[Stored dataset items]
──────────────────────────────

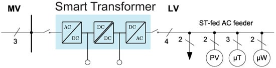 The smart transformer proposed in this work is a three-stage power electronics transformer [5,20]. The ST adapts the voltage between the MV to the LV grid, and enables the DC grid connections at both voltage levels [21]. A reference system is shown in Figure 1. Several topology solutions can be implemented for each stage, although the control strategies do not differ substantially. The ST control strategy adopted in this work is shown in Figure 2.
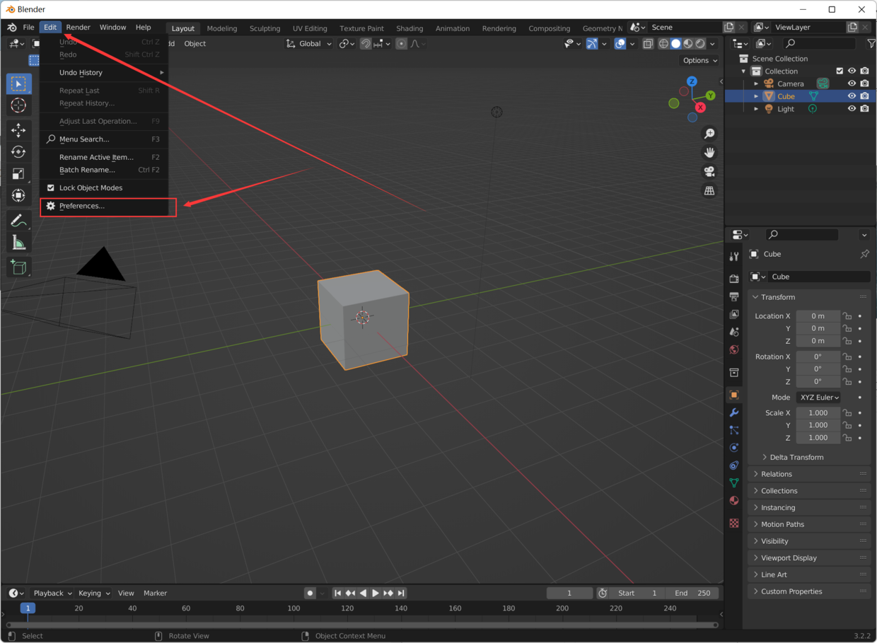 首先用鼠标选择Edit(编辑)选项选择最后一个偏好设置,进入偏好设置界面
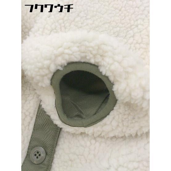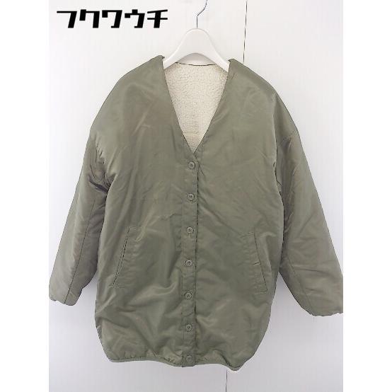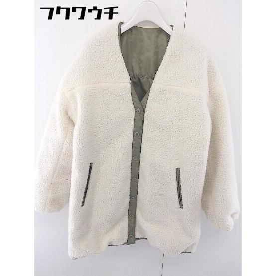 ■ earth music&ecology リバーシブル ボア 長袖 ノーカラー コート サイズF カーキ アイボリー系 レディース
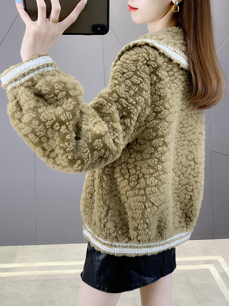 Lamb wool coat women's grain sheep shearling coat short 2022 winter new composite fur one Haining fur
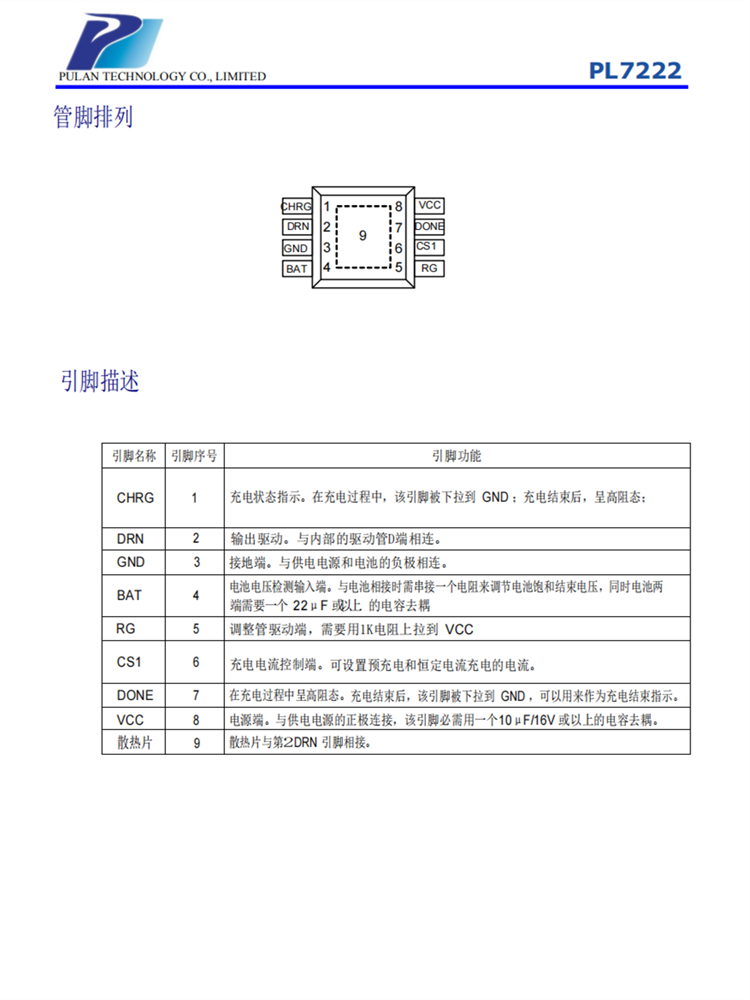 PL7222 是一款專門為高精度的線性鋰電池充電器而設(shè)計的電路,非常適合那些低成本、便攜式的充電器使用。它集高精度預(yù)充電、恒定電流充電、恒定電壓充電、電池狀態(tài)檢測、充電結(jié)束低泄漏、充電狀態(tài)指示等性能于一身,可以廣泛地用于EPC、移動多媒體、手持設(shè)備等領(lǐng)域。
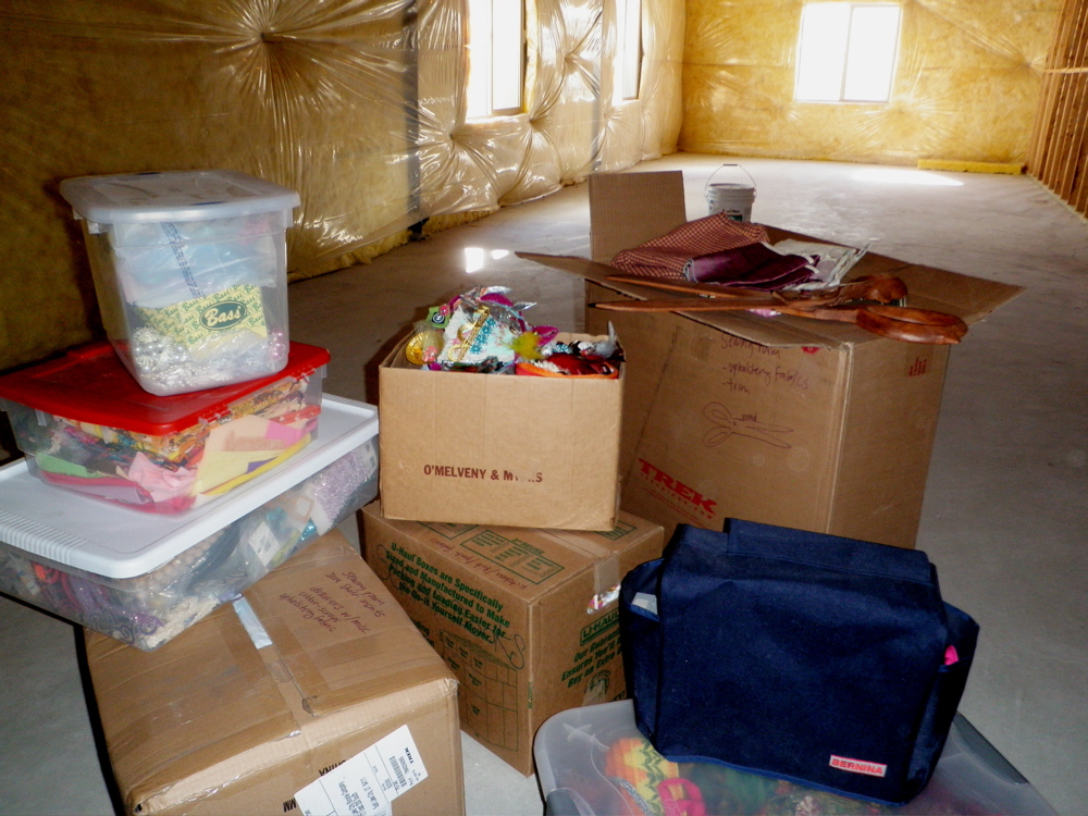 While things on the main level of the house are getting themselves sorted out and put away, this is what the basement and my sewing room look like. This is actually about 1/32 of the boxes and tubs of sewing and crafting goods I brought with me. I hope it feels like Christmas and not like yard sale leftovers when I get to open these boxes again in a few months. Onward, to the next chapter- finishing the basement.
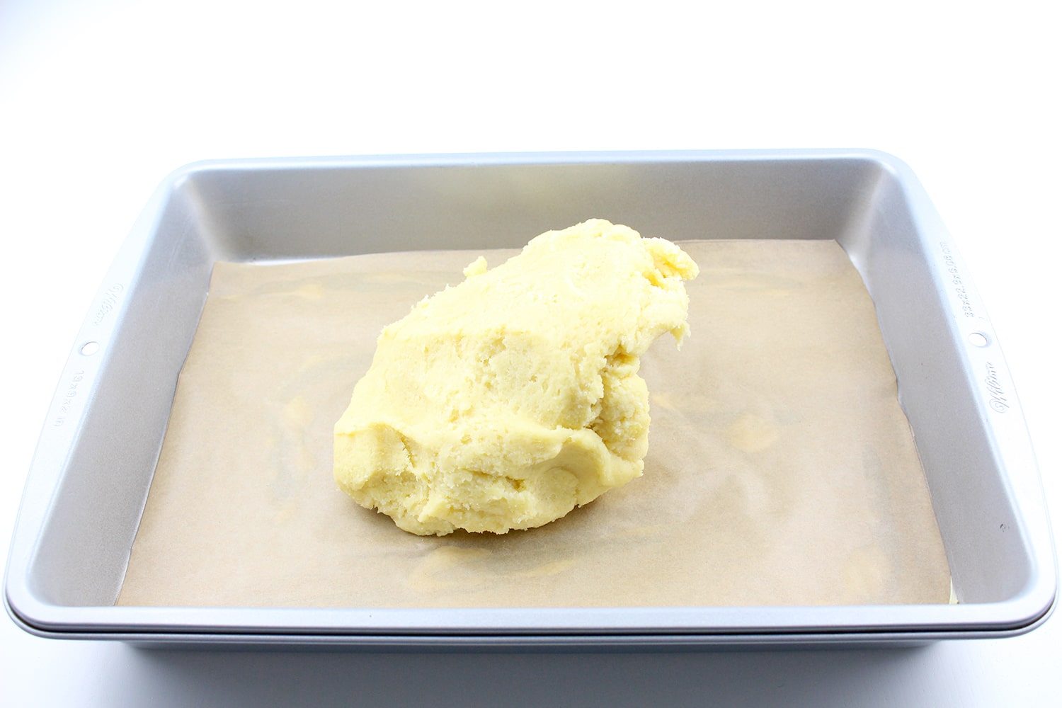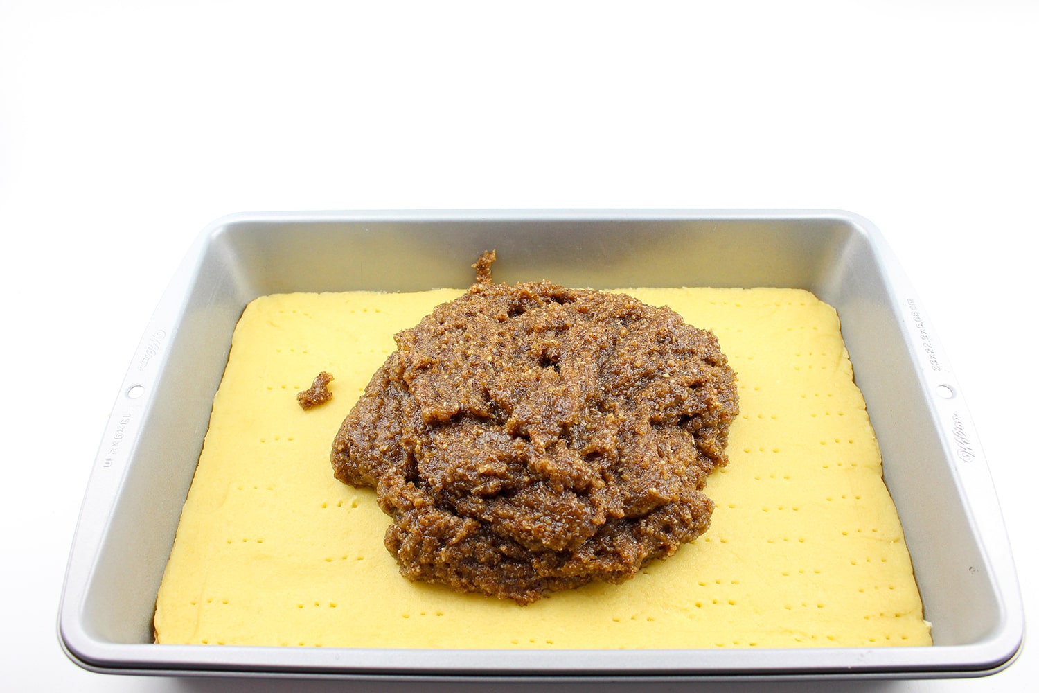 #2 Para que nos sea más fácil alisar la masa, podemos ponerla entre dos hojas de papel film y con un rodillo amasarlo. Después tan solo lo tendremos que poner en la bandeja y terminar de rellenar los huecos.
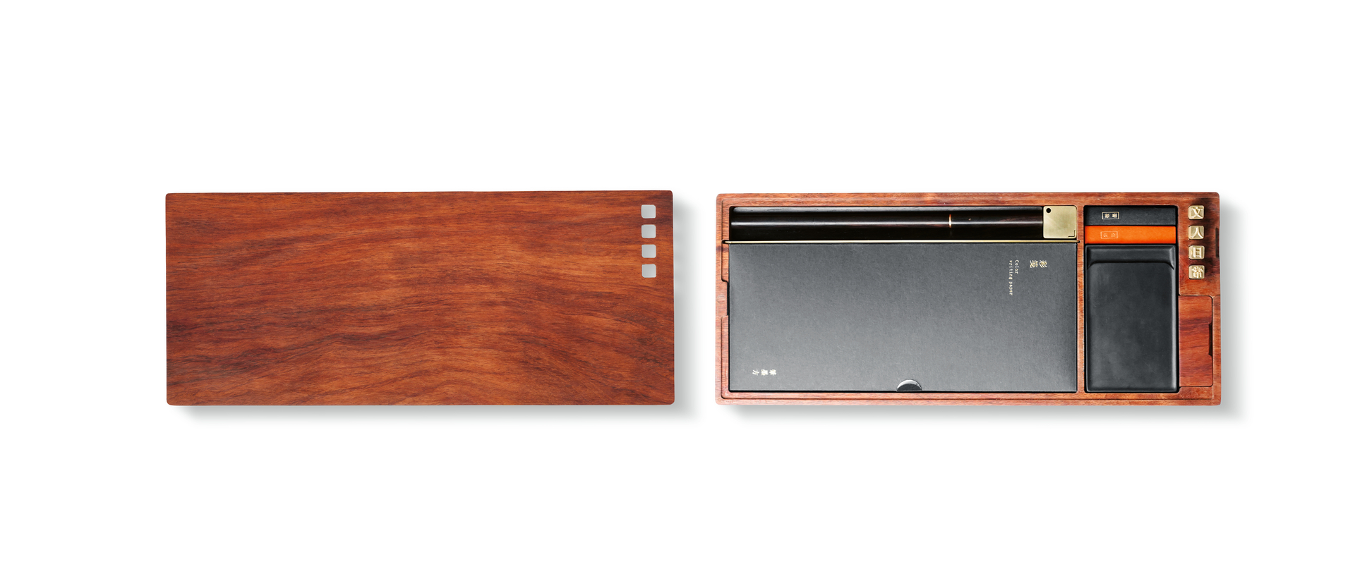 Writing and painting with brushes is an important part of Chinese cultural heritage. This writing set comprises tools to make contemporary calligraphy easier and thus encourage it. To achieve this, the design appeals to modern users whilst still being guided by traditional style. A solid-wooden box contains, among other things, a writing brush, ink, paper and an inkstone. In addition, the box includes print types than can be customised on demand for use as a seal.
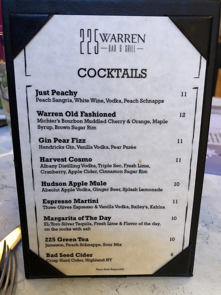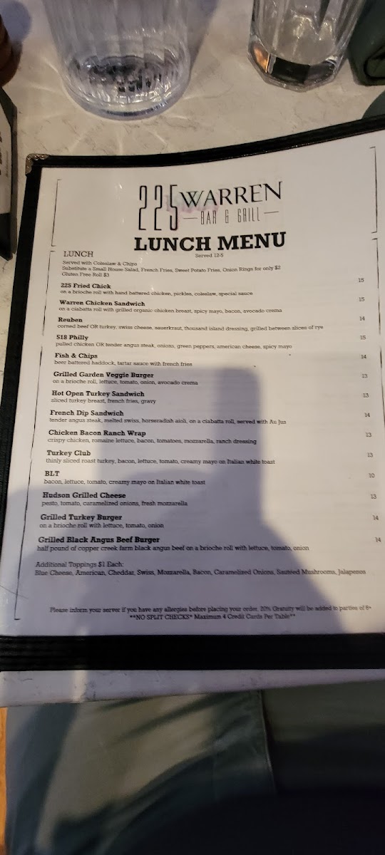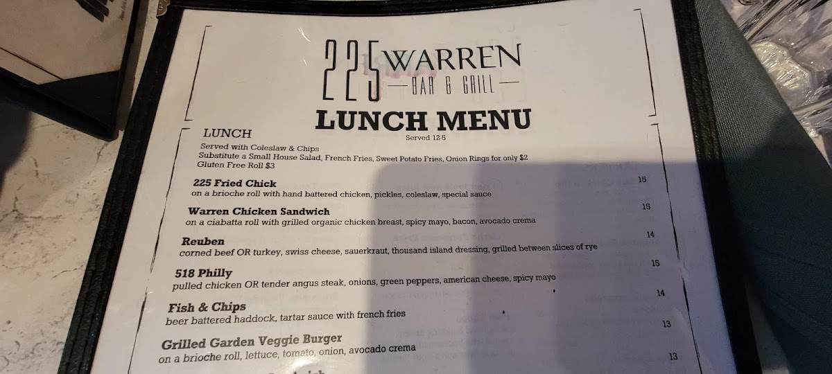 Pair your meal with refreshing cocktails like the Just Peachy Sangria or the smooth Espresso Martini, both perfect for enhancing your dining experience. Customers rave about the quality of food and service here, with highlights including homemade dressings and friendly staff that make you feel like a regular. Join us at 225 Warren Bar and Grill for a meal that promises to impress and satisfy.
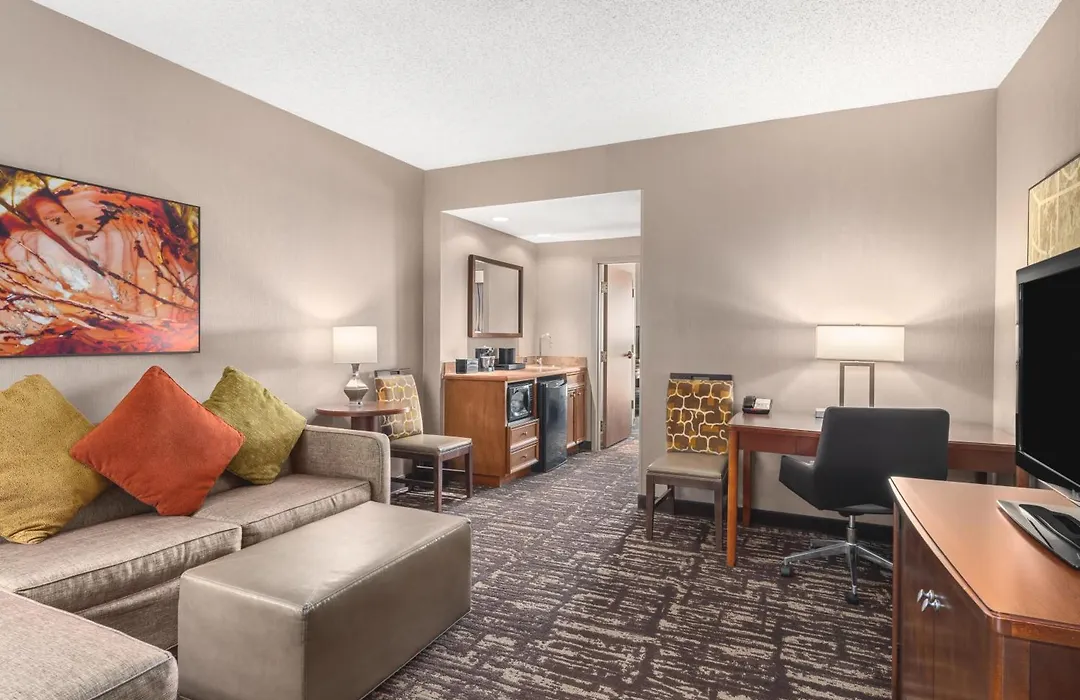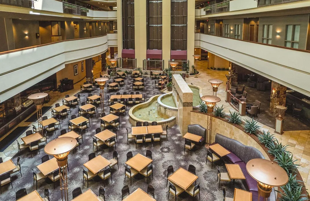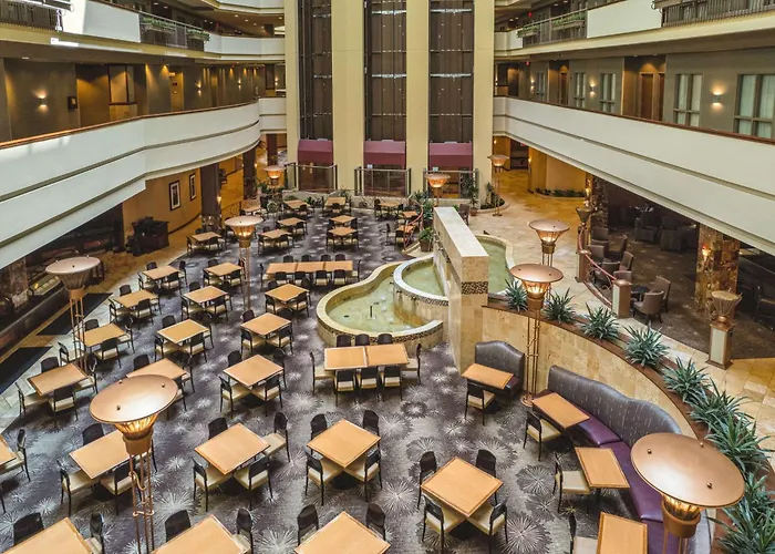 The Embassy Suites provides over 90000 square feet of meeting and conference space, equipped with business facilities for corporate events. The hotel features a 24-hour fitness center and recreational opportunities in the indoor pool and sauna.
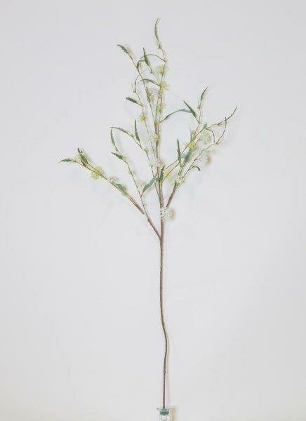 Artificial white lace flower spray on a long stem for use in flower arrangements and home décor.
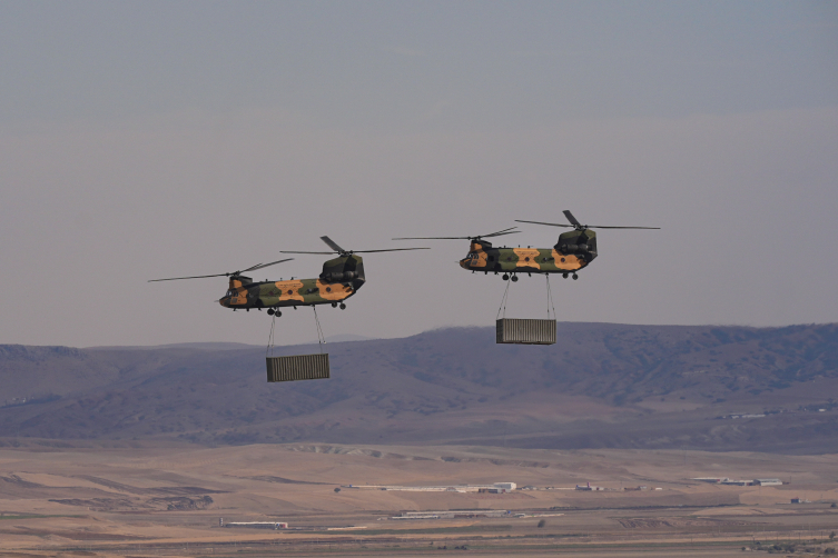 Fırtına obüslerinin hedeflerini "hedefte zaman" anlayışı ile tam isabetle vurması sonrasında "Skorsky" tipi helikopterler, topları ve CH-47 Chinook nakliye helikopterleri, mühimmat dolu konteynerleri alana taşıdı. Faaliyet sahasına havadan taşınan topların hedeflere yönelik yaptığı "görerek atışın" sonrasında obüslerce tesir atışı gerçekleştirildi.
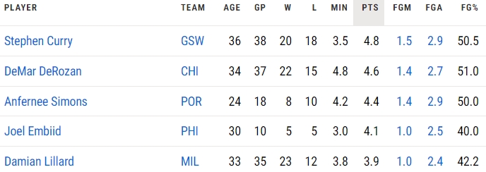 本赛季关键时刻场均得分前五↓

──────────────────────────────

What this task involves → Your reply should be the lines of the records from the start through the line with "PL7222 是一款專門為高", copied word for word, pictures omitted.

Task result →
 The smart transformer proposed in this work is a three-stage power electronics transformer [5,20]. The ST adapts the voltage between the MV to the LV grid, and enables the DC grid connections at both voltage levels [21]. A reference system is shown in Figure 1. Several topology solutions can be implemented for each stage, although the control strategies do not differ substantially. The ST control strategy adopted in this work is shown in Figure 2.
 首先用鼠标选择Edit(编辑)选项选择最后一个偏好设置,进入偏好设置界面
 ■ earth music&ecology リバーシブル ボア 長袖 ノーカラー コート サイズF カーキ アイボリー系 レディース
 Lamb wool coat women's grain sheep shearling coat short 2022 winter new composite fur one Haining fur
 PL7222 是一款專門為高精度的線性鋰電池充電器而設(shè)計的電路,非常適合那些低成本、便攜式的充電器使用。它集高精度預(yù)充電、恒定電流充電、恒定電壓充電、電池狀態(tài)檢測、充電結(jié)束低泄漏、充電狀態(tài)指示等性能于一身,可以廣泛地用于EPC、移動多媒體、手持設(shè)備等領(lǐng)域。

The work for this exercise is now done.